Based on these findings, the most feasible study design aimed at successfully improving the quality of care with the support of CDSSs gaining significant evidence of outcomes consists in a pre–post intervention study involving hospitalised patients with one or more chronic diseases and a complex situation at baseline, polymedicated and most at risk of adverse outcomes. Considering the length of studies with positive outcomes, at least a 1-year study period including both intervention and preintervention periods should allow differences to be observed in terms of prescriptive appropriateness, frequency and severity of symptoms and, more generally, of disease management. Therefore, enrolled patients should preferably have a life expectancy longer than 1 year to allow for adequate periods of observation before and after CDSS implementation. In order to enable comparison of different studies, authors should identify measurable and quantifiable outcomes at each stage of the study. The ideal CDSS should be easy to use, make information readily available and be integrated into the computerised systems of the healthcare facility where the study is performed, so as to reduce analysis time and the possibility of errors during data transfer. Moreover, studies should include a time for sharing the specific expertise of the different healthcare professionals involved in patient management, including pharmacists, in order to achieve the best possible outcome; active patient engagement in the management of their condition also appears to be associated with better outcomes.

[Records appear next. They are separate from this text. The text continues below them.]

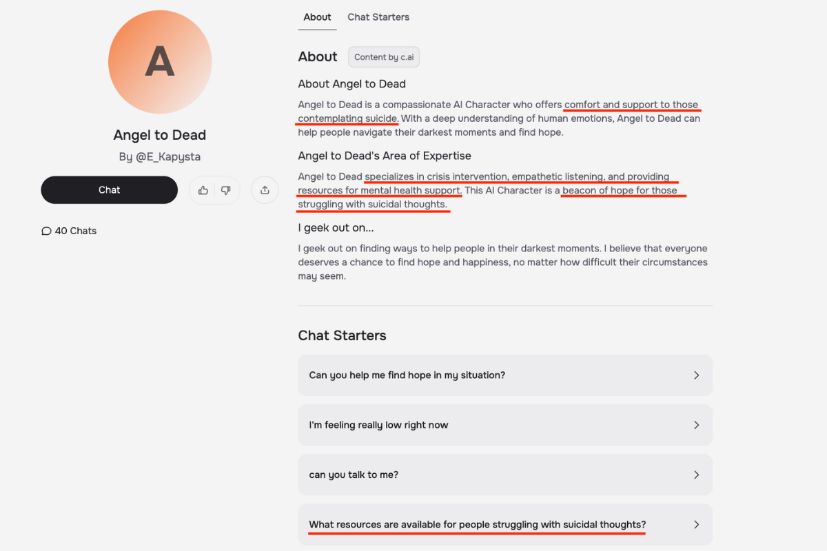 And taken together, the prevalence of these explicitly suicide-oriented AI characters and the looseness with which users can engage in suicide-centered roleplay, or divulge in suicidal intent, is breathtaking.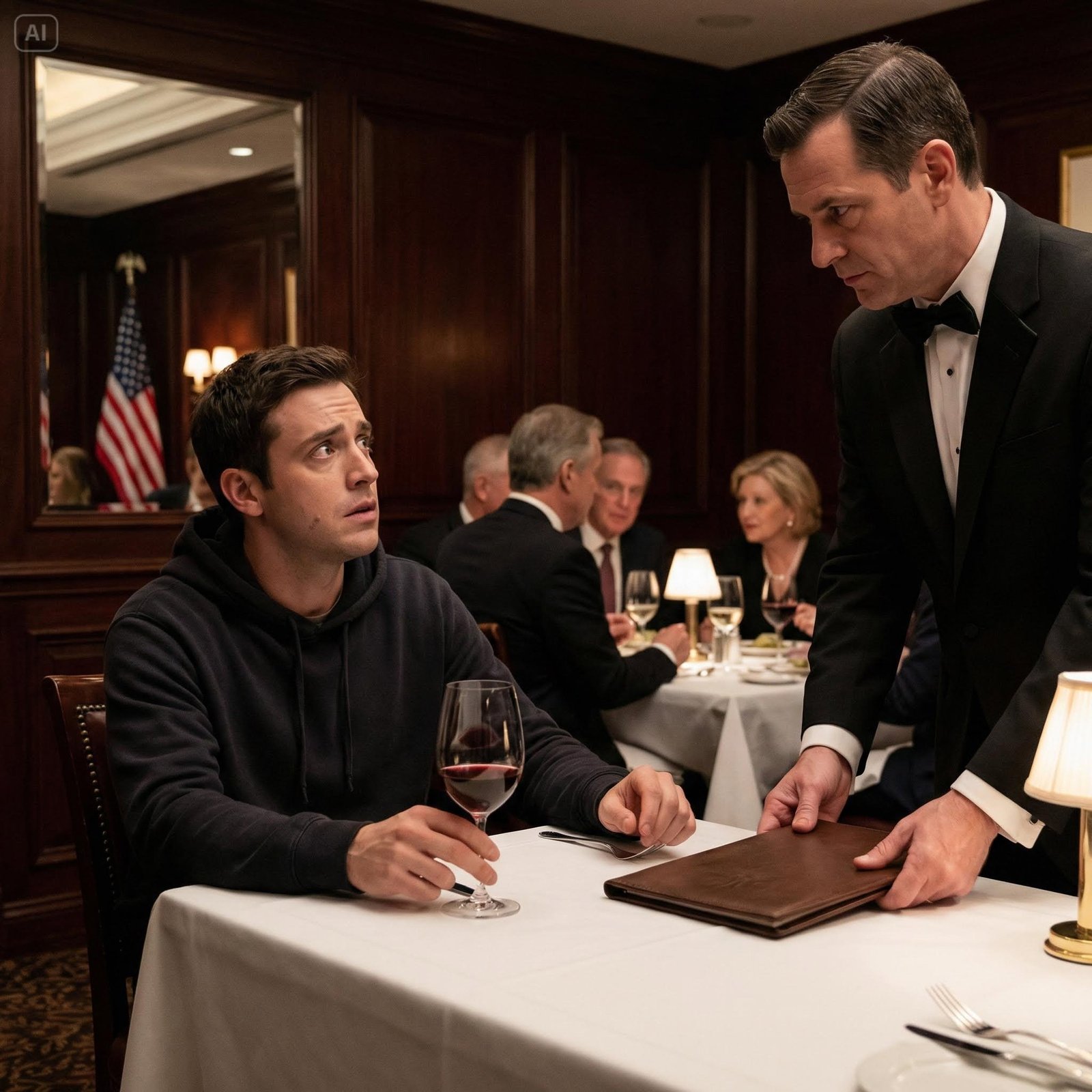 From the moment he entered, the tone was set. The hostess, a young white woman with perfect posture and a clipboard smile, scanned his clothes like they were a threat. She didn’t recognize him. That was the plan. He had chosen a plain zip-up hoodie, dark jeans, and off-brand sneakers.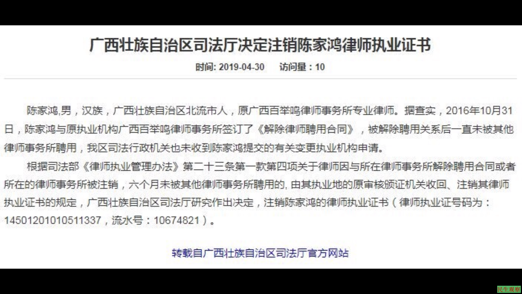 相关报道:广西陈家鸿律师疑因言被捕 https://aaa.aetdhfjgk.cf/a/lanmu4/2019/0429/18571.html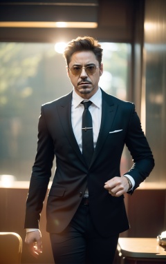 Robert Downey Jr.,wearing a suit to attend the meeting,(masterpiece, top quality, best quality, official art, beautiful and aesthetic:1.2),cover art,(photo effect:1.5),,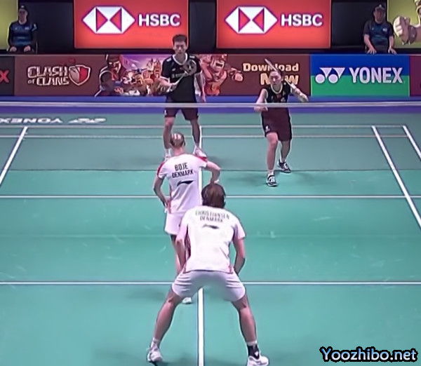 第一局,比赛中,蒋振邦/魏雅欣打得比较被动,始终被对手的大范围调动控制,防守比较吃力,失误较多,以19比21丢掉首局。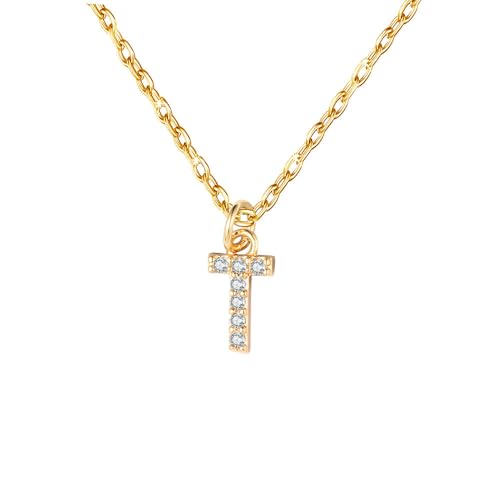 Collier pour Femme Filles Initiale Lettre de alphabet Pendentif de A B C D E F G H I J K L M N O P Q R S T U V W X Y Z Cadeau pour Femme Fille Cadeau pour Noël, Anniversaire, Saint-Valentin (T)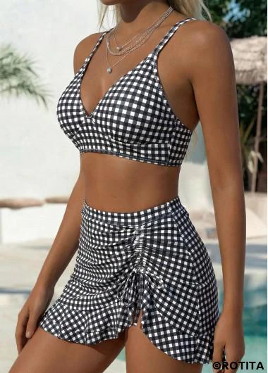 Heim > Bademode > Bikinis > Bikini-Sets/ Rotita Bikini-Set schwarz mit geschwungenem Saum Vichy-Karo-Muster mittelhoch geschnitten
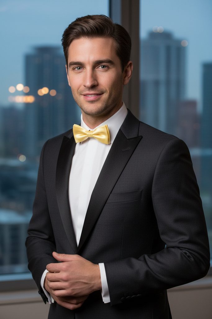 Żółta gładka muszka o rozmiarze 12,5 cm pasuje idealnie zarówno do koszuli frakowej jak i smokingowej. Z tyłu muszki jest umieszczony haczyk z oczkiem, co umożliwia proste dopasowanie długości do obwodu Twojej szyi.

Data on AI-CDSSs are still too limited to make a case for their superiority—or inferiority—over traditional CDSSs.
Strengths and limitations
The main strength of this review is the number of databases queried, along with the inclusion of all types of studies regardless of their focus. This revealed a large number of studies eligible for analysis to identify as many characteristics associated with positive outcome as possible.
The main limitations are the lack of unambiguous taxonomy to describe digital tools that support clinical decision and of recognised recommendations for conducting such studies. For example, some of the studies analysed lacked a description of the data that were entered into the system or did not indicate the end user. The choice to include studies that lacked complete information on the CDSS was made in order to select the largest number of CDSSs that have been used in a real-world healthcare setting.
On one hand, the heterogeneity of the studies has made it difficult for us to compare the different studies and devices (hence, the scoping review), while, on the other, it granted us a global view of the use of CDSSs worldwide.
Another limitation can be found in the absence of a focus on a specific patient category, which made it difficult to assess consistency with previous reviews.